[Collected data entries]

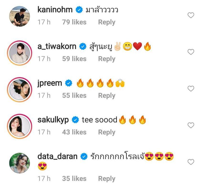 และแน่นอนว่าคอมเมนต์ในไอจีเต็มไปด้วยอีโมจิไฟลุก พร้อมทั้งคำชมเต็มไอจีเลยทีเดียว ส่วนเพื่อนๆ ในวงการบันเทิงคอมเมนต์หลายคน อาทิ เบลล่า ราณี “ยอมจ้ะแม่”, จันจิ จันจิรา “ดีมากอ่ะแม่!!” และใส่อีโมจิไฟลุก, โอม คณิน “มาล้าวววว” ฯลฯ
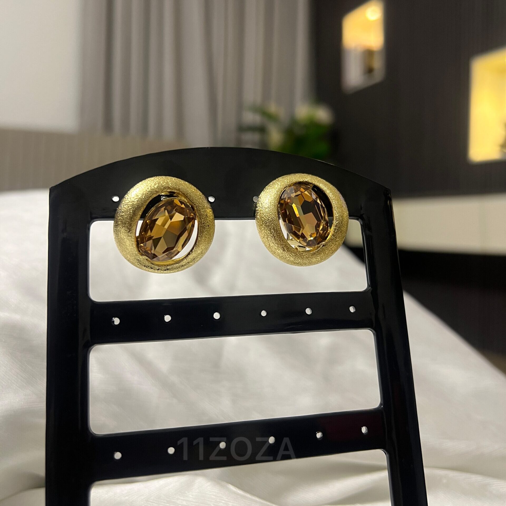 Gold round studs with amber crystal center. Warm glow. Classic authority.
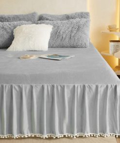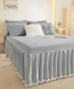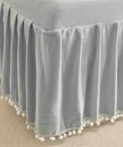 Falda de cama de terciopelo con borlas Pom Pom, falda de
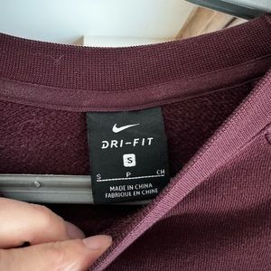 Cropped Nike drifit sweatshirt with raised letters. Burgundy color
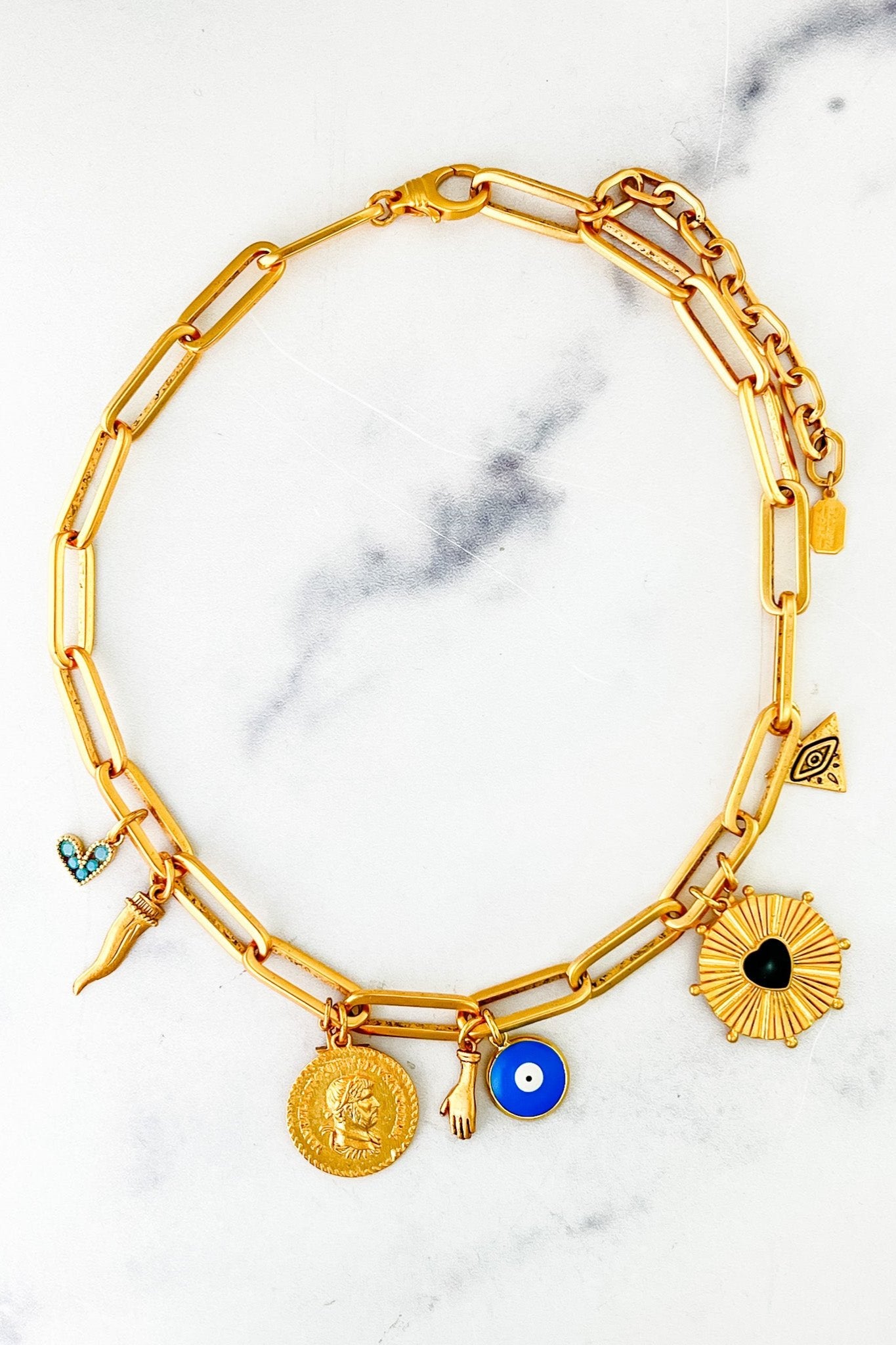 Elevate your style with our Goodluck Necklace! This oval open link necklace features 2 evil eye, figa, Italian horn, Roman coin, small heart with turquoise accents, and sunburst charm with a black heart center. Plus, 2 small star charms for a touch of celestial beauty. Bring some good vibes into your life with this stunning necklace. 24K Gold Plated. Lobster Claw Closure. Made in the U.S.A
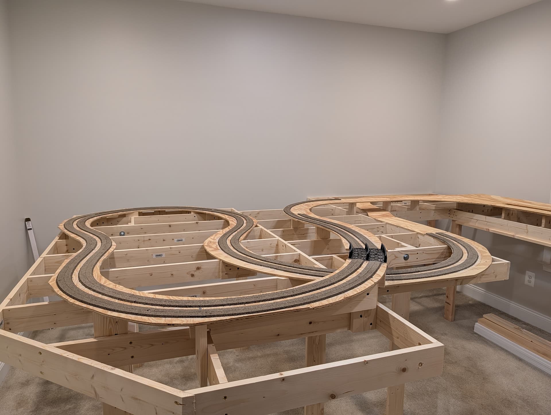Now I am worried about my one set of curves, I’m not quite ready to put down any track. I intentionally shortened up my straights there to make room for a 3rd line that was originally going to be a reverse loop, but my condensing of the plan is going to make that extremely difficult.
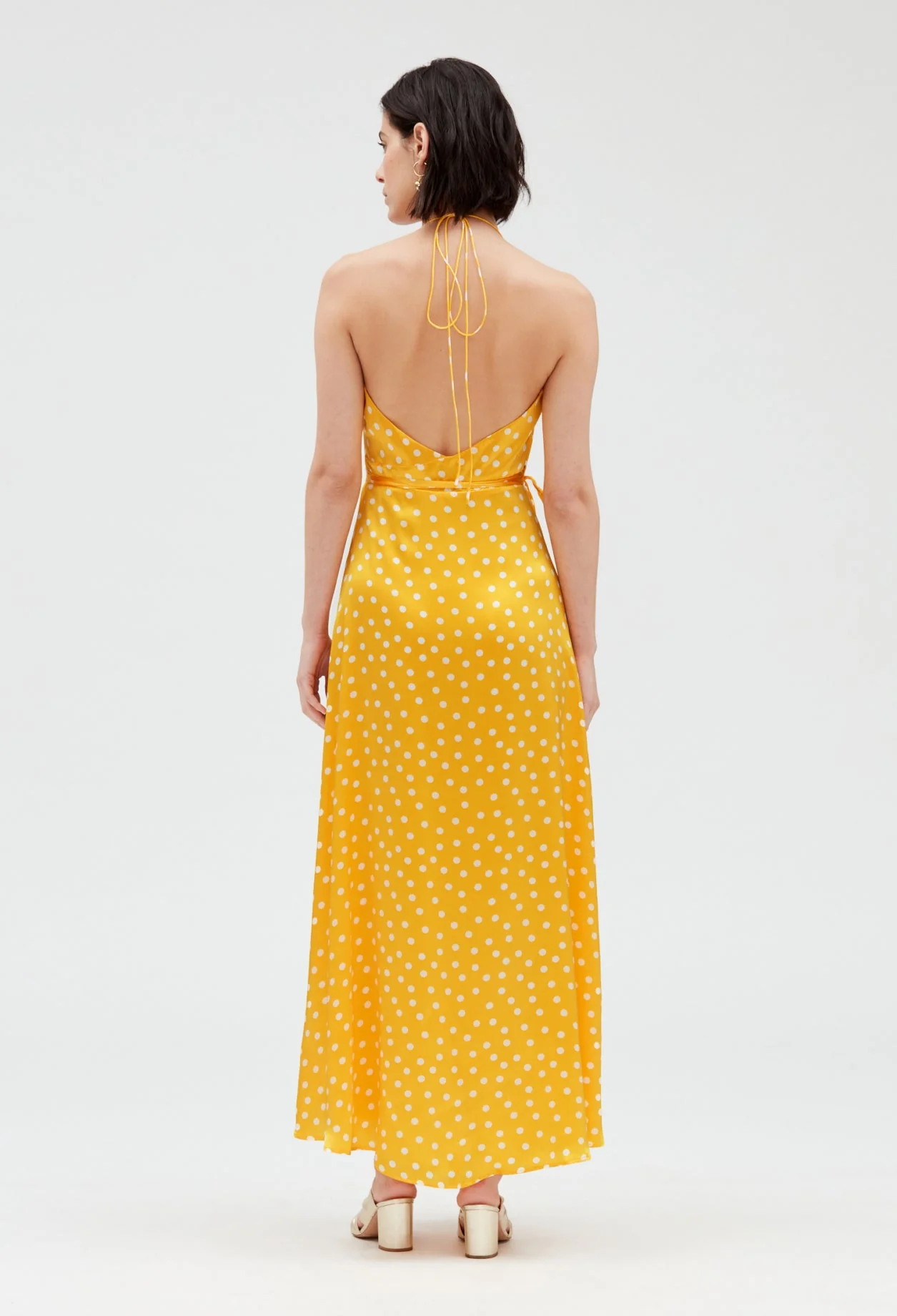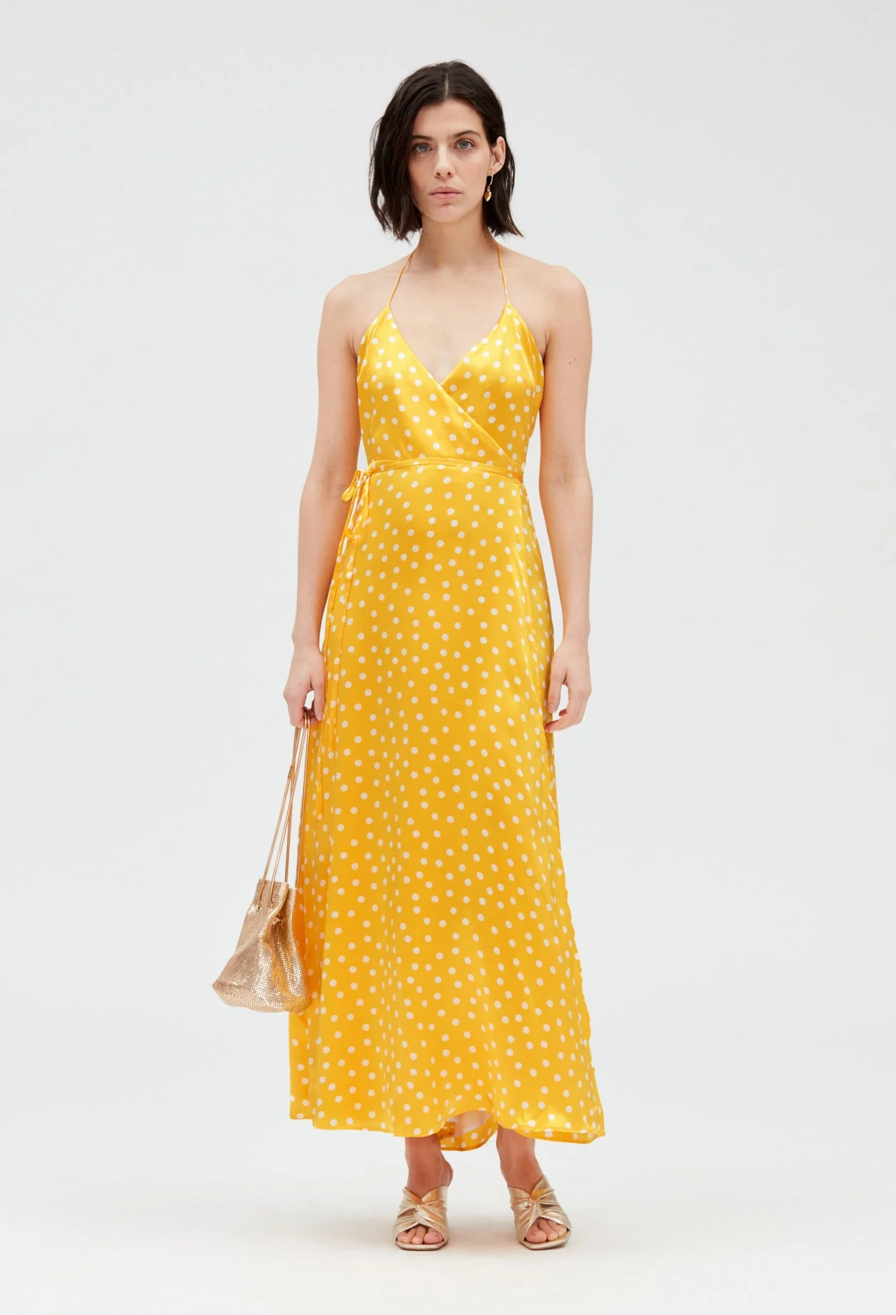 Sé el primero en valorar “Vestido largo cruzado de seda amarilla”
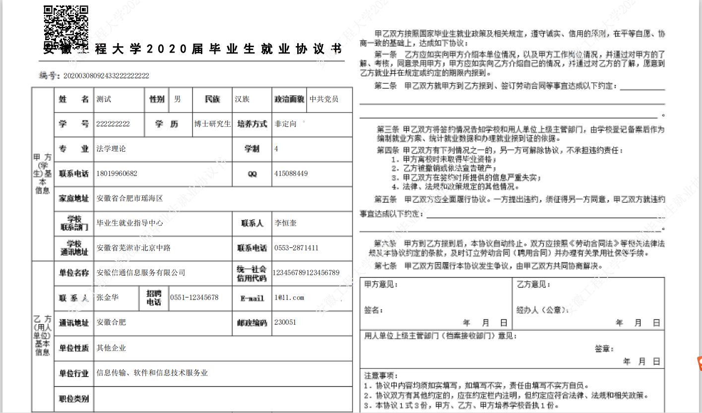 協議書默認打印3份(用人單位1份、畢業生1份、學校1份)。協議書打印完畢后,交給用人單位或畢業生,進行蓋章簽字后生效。(若畢業生在外地,可自行安裝一個PDF打印機,打印成PDF文件,以便進行網上傳輸; 或打印出來后,掃描后傳輸)。
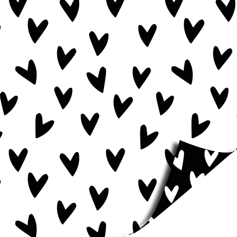 Dit dubbelzijdige cadeaupapier heeft een moderne, speelse en toch stijlvolle uitstraling. De voorzijde toont een zwarte achtergrond met witte hartjes in een handgetekende look, terwijl de achterzijde precies het omgekeerde laat zien: zwarte hartjes op een frisse witte basis. Dankzij deze omkeerbare stijl kun je creatief variëren met accenten, omslagen en combinaties. Het stevige papier vouwt mooi en blijft strak zitten, ideaal voor cadeaus, decoraties en creatieve projecten.
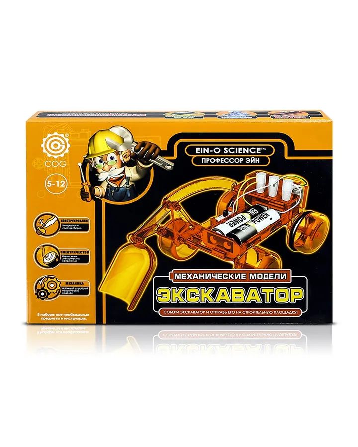 Конструктор Профессор Эйн ЭкскаваторУ нас довольно много игрушек, но экскаватора ещё не было. Нам все понравилось от и до, безопасная игрушка, даже ничего страшного, что не было батареек в комплекте, всё равно игрушка полностью оправдывает свою цену и описание.
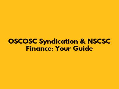 OSCOSC Syndication & NSCSC Finance: Your Guide
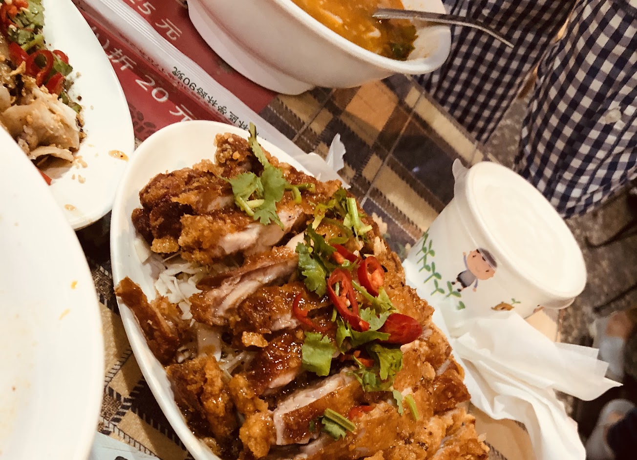 政大側門的美食餐廳,高CP值,每次來都會點外酥內嫩多汁的椒麻雞,還有過橋米線,它的湯底是用母雞和火腿熬的高湯,真的好喝。此外,叉燒麵是乾拌麵有叉燒肉絲,吃起來像泡麵的味道喔!再則是大薄片,豬頭皮切成薄片,吃起來脆脆的、酸辣夠味。
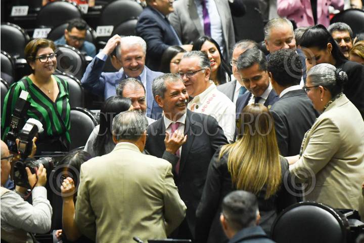 CIUDAD DE MÉXICO, 12MARZO2025.- Con 419 votos a favor, durante la sesión ordinaria de la Cámara de Diputados, fueron ratificados Édgar Amador Zamora, como secretario de Hacienda y Crédito Público; Carlos Gabriel Lerma, subsecretario de Hacienda y Crédito Público, y Roberto Carlos Fernández, tesorero de la Federación. Los acompañan los integrantes de la mesa directiva: Sergio Gutiérrez Luna, María del Carmen Pinete, Kenia López Rabadán, Julieta Villalpando y Dolores Padierna. FOTO: MARIO JASSO/CUARTOSCURO.COM
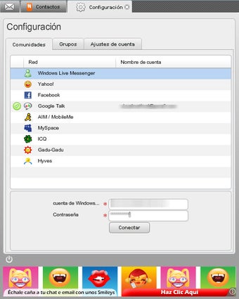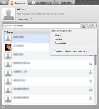 Una vez registrada tu cuenta e introducidos los datos de las redes con las que quieres conectar, Nimbuzz Webchat abrirá una ventana donde aparecerán unificados todos tus contactos. La cuenta Nimbuzz te permite unificarlos por redes y grupos, a modo de agenda.
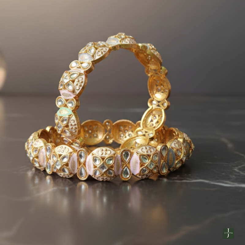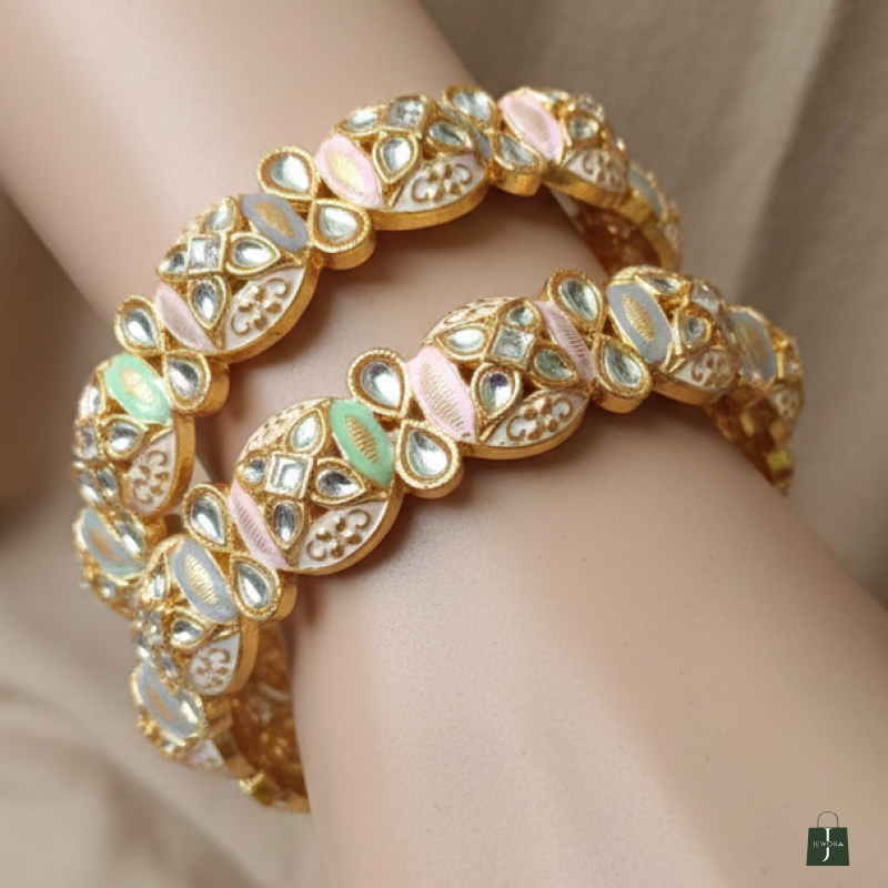 Regal Charm: Handcrafted Kundan & Meenakari Kada Bangles (Set of 2)

=== TASK INSTRUCTIONS ===
Repeat exactly the lines above, beginning at the one containing "協議書默認打印3份(用人單位" and ending at the one containing "政大側門的美食餐廳,高CP值". Do not carry over any pictures.

=== SOLVED PROBLEM ===
 協議書默認打印3份(用人單位1份、畢業生1份、學校1份)。協議書打印完畢后,交給用人單位或畢業生,進行蓋章簽字后生效。(若畢業生在外地,可自行安裝一個PDF打印機,打印成PDF文件,以便進行網上傳輸; 或打印出來后,掃描后傳輸)。
 Dit dubbelzijdige cadeaupapier heeft een moderne, speelse en toch stijlvolle uitstraling. De voorzijde toont een zwarte achtergrond met witte hartjes in een handgetekende look, terwijl de achterzijde precies het omgekeerde laat zien: zwarte hartjes op een frisse witte basis. Dankzij deze omkeerbare stijl kun je creatief variëren met accenten, omslagen en combinaties. Het stevige papier vouwt mooi en blijft strak zitten, ideaal voor cadeaus, decoraties en creatieve projecten.
 Конструктор Профессор Эйн ЭкскаваторУ нас довольно много игрушек, но экскаватора ещё не было. Нам все понравилось от и до, безопасная игрушка, даже ничего страшного, что не было батареек в комплекте, всё равно игрушка полностью оправдывает свою цену и описание.
 OSCOSC Syndication & NSCSC Finance: Your Guide
 政大側門的美食餐廳,高CP值,每次來都會點外酥內嫩多汁的椒麻雞,還有過橋米線,它的湯底是用母雞和火腿熬的高湯,真的好喝。此外,叉燒麵是乾拌麵有叉燒肉絲,吃起來像泡麵的味道喔!再則是大薄片,豬頭皮切成薄片,吃起來脆脆的、酸辣夠味。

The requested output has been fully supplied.